- _WORK TO BE COMPLETED_
An exact reproduction of the records is required. Images must be left out.

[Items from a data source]
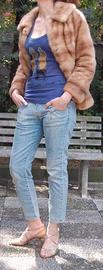 Pelliccia giacca in visone selvaggio femmina naturale. Fodera in raso. Chiusura a 3 ganci, manica 3/4, modello Jackie O´, modello A/I 2015/16, modello pratico ed elegante adatto ad ogni occasione. Si tratta di un capo indossato pochissime volte senza segni di usura o pelo mancante privo di qualsiasi odore. Taglia 42 ma è utile valutare le misure: - spalle cm 43; - busto cm 54; - - lunghezza cm 60 ( cucitura del collo al fondo)- manica cm 52.
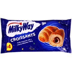 كرواسون هش مخبوز محشو بكريمة ميلكي واي المكونة من مزيج من كريمة الحليب وكريمة الشوكولاتة، كل قطعة مغلفة على حدة لتكون وجبة خفيفة حلوة مناسبة للمدرسة أو العمل أو الرحلات.
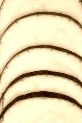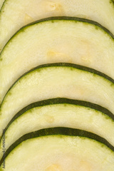 A close-up of circular zucchini slices arranged in a row, focusing on the texture and green edges
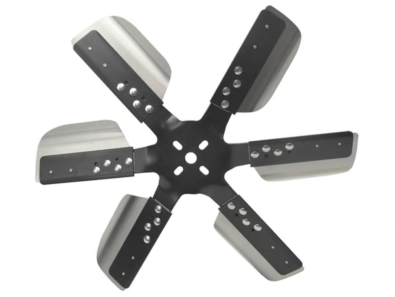 This 18" heavy duty reverse rotation fan features thick black steel hubs and 6 stainless reinforced blades with a large surface area that improve performance and fuel economy and is rated up to 10,000 rpm. The large surface area of the blades pull more air at lower speeds than other flex fans.
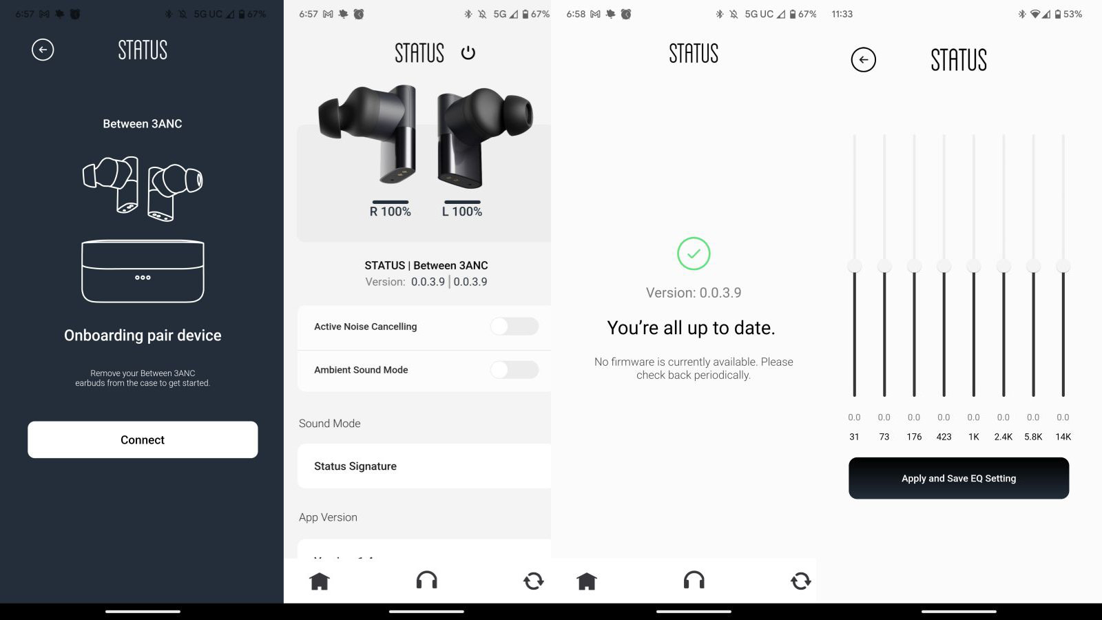 Heading into the app (both iOS and Android are supported), a wide variety of adjustments and status indicators. The aforementioned Active Noise Canceling and Ambient Sound Modes can be toggled here, though they can obviously be enabled with a button press on the device as well. You can also see the firmware revision the devices are currently using, as well as something called “Sound Signature”. Sound Signature can make these devices sound like the Status Audiophile, or the original Between Pro devices. These are simple sound profiles, but if you want to really tweak the sound, you’ll want to avail yourself of the custom EQ. With eight individual frequency ranges to adjust, you can make the sound just about any way you wish. You can then save these as presets, keeping multiple for different listening cases.
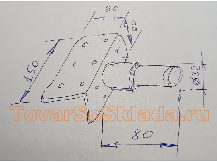 Кронштейн для прожектора на квадратную трубу 60х60мм с отверстием "ХОП-217067" серый, сталь
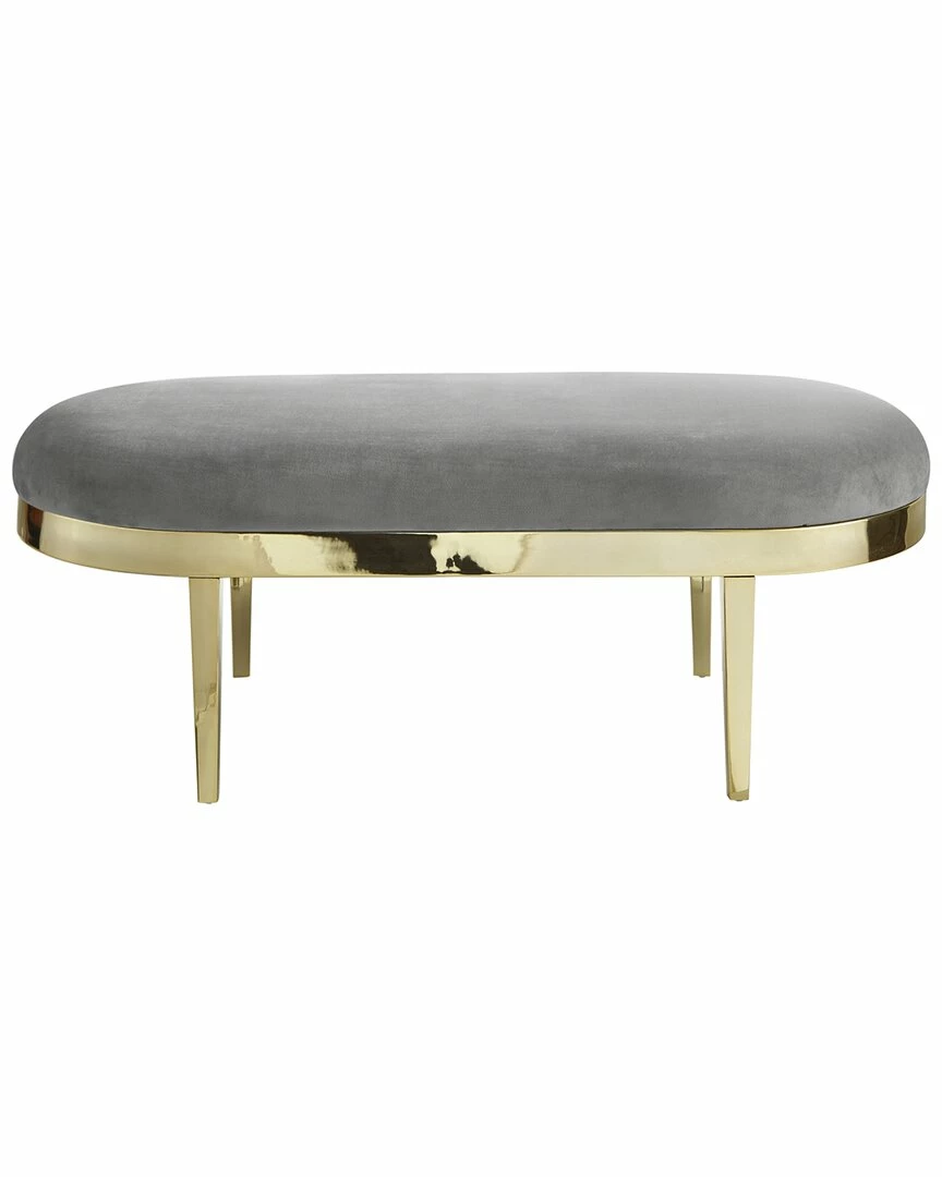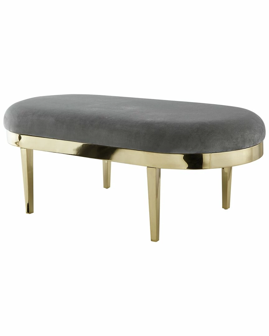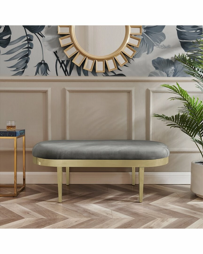 - Contemporary chic, the bench is sure to enhance any space in your home with its luxurious velvet upholstery. Add a touch of elegant glamor to any modern decor with this oval bench featuring exposed curved frame. This piece is constructed with high density foam for ultimate comfort and sleek, polished metal legs for durability. Place this bench in your living room, bedroom, or entryway to enhance the style and comfort at home.
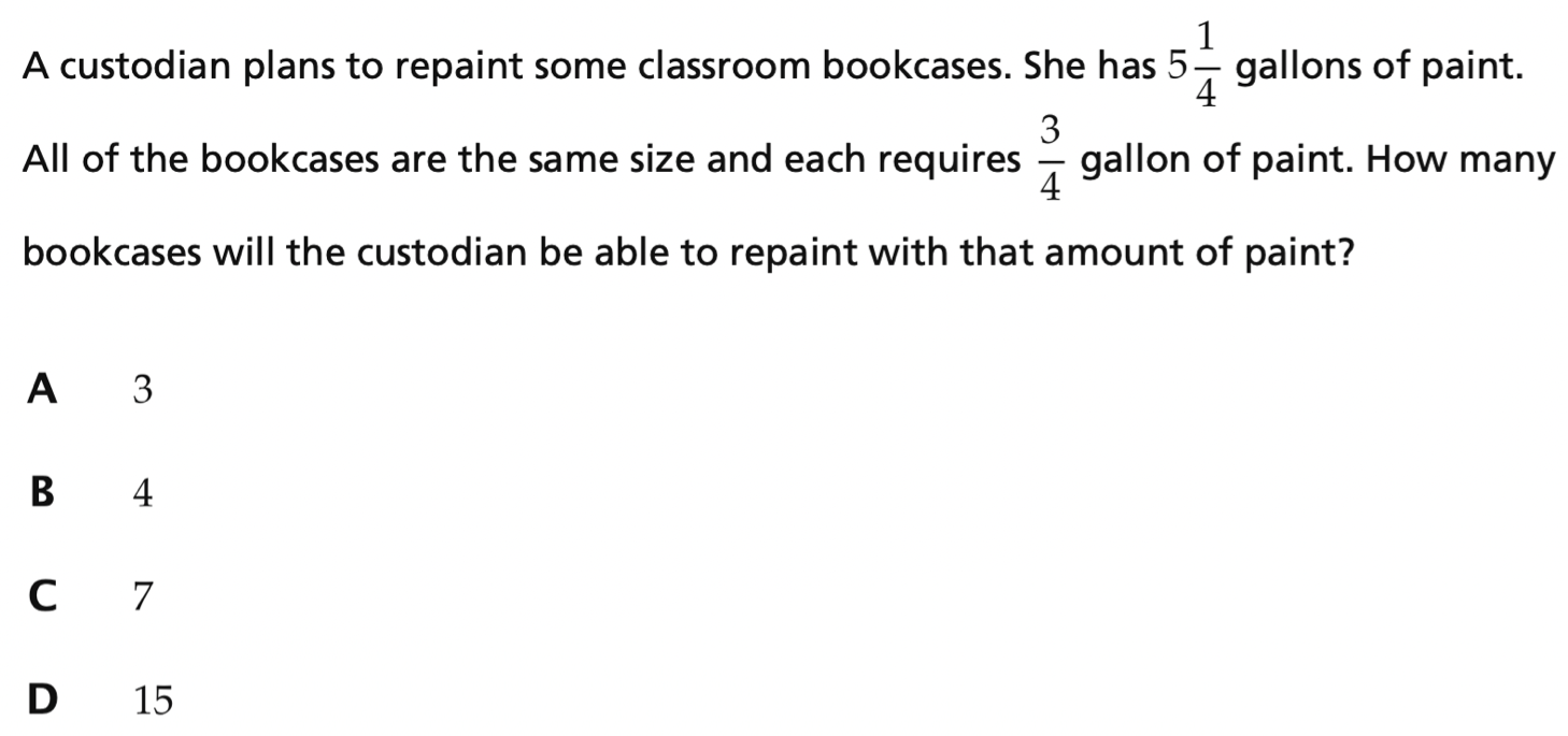 Divide the amount of paint by the amount of paint needed per bookshelf.

- _THE COMPLETED TASK_
 Pelliccia giacca in visone selvaggio femmina naturale. Fodera in raso. Chiusura a 3 ganci, manica 3/4, modello Jackie O´, modello A/I 2015/16, modello pratico ed elegante adatto ad ogni occasione. Si tratta di un capo indossato pochissime volte senza segni di usura o pelo mancante privo di qualsiasi odore. Taglia 42 ma è utile valutare le misure: - spalle cm 43; - busto cm 54; - - lunghezza cm 60 ( cucitura del collo al fondo)- manica cm 52.
 كرواسون هش مخبوز محشو بكريمة ميلكي واي المكونة من مزيج من كريمة الحليب وكريمة الشوكولاتة، كل قطعة مغلفة على حدة لتكون وجبة خفيفة حلوة مناسبة للمدرسة أو العمل أو الرحلات.
 A close-up of circular zucchini slices arranged in a row, focusing on the texture and green edges
 This 18" heavy duty reverse rotation fan features thick black steel hubs and 6 stainless reinforced blades with a large surface area that improve performance and fuel economy and is rated up to 10,000 rpm. The large surface area of the blades pull more air at lower speeds than other flex fans.
 Heading into the app (both iOS and Android are supported), a wide variety of adjustments and status indicators. The aforementioned Active Noise Canceling and Ambient Sound Modes can be toggled here, though they can obviously be enabled with a button press on the device as well. You can also see the firmware revision the devices are currently using, as well as something called “Sound Signature”. Sound Signature can make these devices sound like the Status Audiophile, or the original Between Pro devices. These are simple sound profiles, but if you want to really tweak the sound, you’ll want to avail yourself of the custom EQ. With eight individual frequency ranges to adjust, you can make the sound just about any way you wish. You can then save these as presets, keeping multiple for different listening cases.
 Кронштейн для прожектора на квадратную трубу 60х60мм с отверстием "ХОП-217067" серый, сталь
 - Contemporary chic, the bench is sure to enhance any space in your home with its luxurious velvet upholstery. Add a touch of elegant glamor to any modern decor with this oval bench featuring exposed curved frame. This piece is constructed with high density foam for ultimate comfort and sleek, polished metal legs for durability. Place this bench in your living room, bedroom, or entryway to enhance the style and comfort at home.
 Divide the amount of paint by the amount of paint needed per bookshelf.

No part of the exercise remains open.